== Stored data

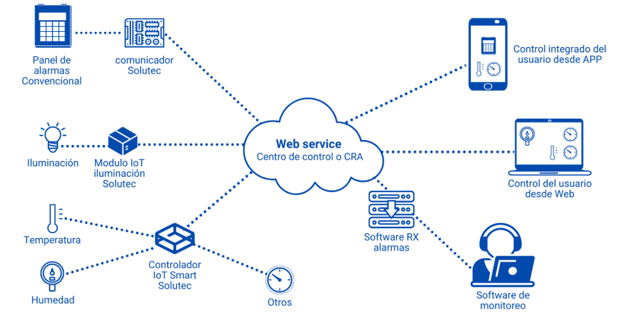 - Se instala un Web service en el centro de monitoreo de alarmas o en el servidor en la nube destinado para ello. Este Web service se encarga de administrar las señales IoT, la conexión con la Aplicación móvil y la conexión Web del usuario.
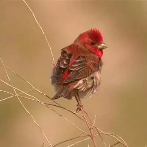 酒红朱雀小型鸟类,体长13~15厘米。雄鸟通体深红色,头部深朱红或棕红色,下背和腰玫瑰红色,…
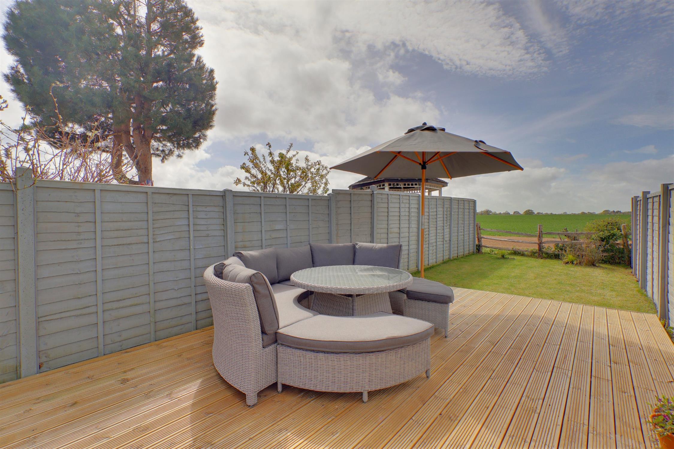 Mainly laid to lawn with decking and patio areas, as well as a shed. A particular feature of the garden is the clear, uninterrupted outlook across the fields beyond.
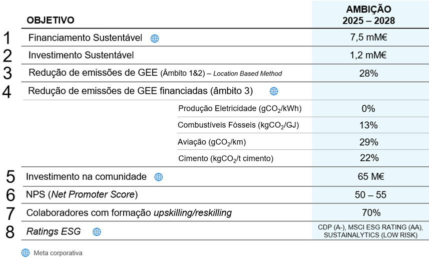 A Estratégia de Sustentabilidade 2025-2028 materializa a ambição da Caixa em ser líder no financiamento sustentável em Portugal, impulsionando uma transição justa para uma economia neutra em carbono e a criação de impacto positivo nas comunidades.

====

About this task: Repeat all of the listing above word for word, and exclude the pictures.

Result for this task:
 - Se instala un Web service en el centro de monitoreo de alarmas o en el servidor en la nube destinado para ello. Este Web service se encarga de administrar las señales IoT, la conexión con la Aplicación móvil y la conexión Web del usuario.
 酒红朱雀小型鸟类,体长13~15厘米。雄鸟通体深红色,头部深朱红或棕红色,下背和腰玫瑰红色,…
 Mainly laid to lawn with decking and patio areas, as well as a shed. A particular feature of the garden is the clear, uninterrupted outlook across the fields beyond.
 A Estratégia de Sustentabilidade 2025-2028 materializa a ambição da Caixa em ser líder no financiamento sustentável em Portugal, impulsionando uma transição justa para uma economia neutra em carbono e a criação de impacto positivo nas comunidades.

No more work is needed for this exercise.